Jan
Kritel Krumpholtz was born in Prague on 5 August 1747. His mother
was a harpist who, as Krumpholtz himself says 'had no inheritance
to leave me other than her passion for the harp'; his father was
a military bandsman in bond to the powerful Kinsky family, who
were great landowners and patrons of the Arts.

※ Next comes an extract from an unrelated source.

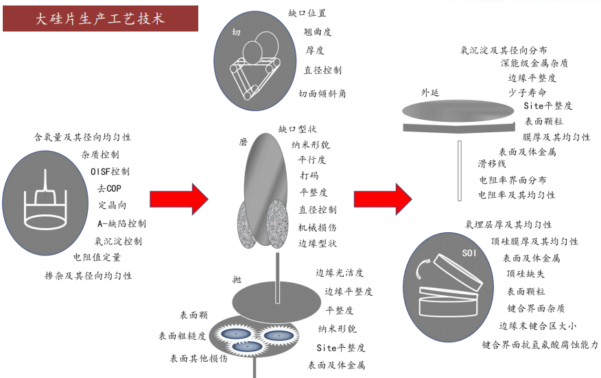 ②硅片产品按照加工工序可分为抛光片、退火片、外延片、节隔离片和绝缘体上硅片五大类产品。

As a young man Krumpholtz was taught to play the horn, the violin
and the viola, but he longed to have composition lessons, and longed
to play the harp. Aged fourteen, he reached Paris, where he had
some harp lessons with Christian Hochbrucker, but it was after
some five or six years as a military bandsman playing horn that
he eventually reached Vienna, where Georg Christoph Wagenseil encouraged
his attempts at composition.
It was in Vienna that he wrote
his first harp concerto, entrusting the scoring to his compatriot
Vàclav Pichl. In July 1773,
Haydn heard him perform this concerto, and was so impressed that
he offered him an immediate engagement at Esterházy. On
1 August 1773, he signed his indenture as J B Krumpholtz, the form
of his name by which he became best known.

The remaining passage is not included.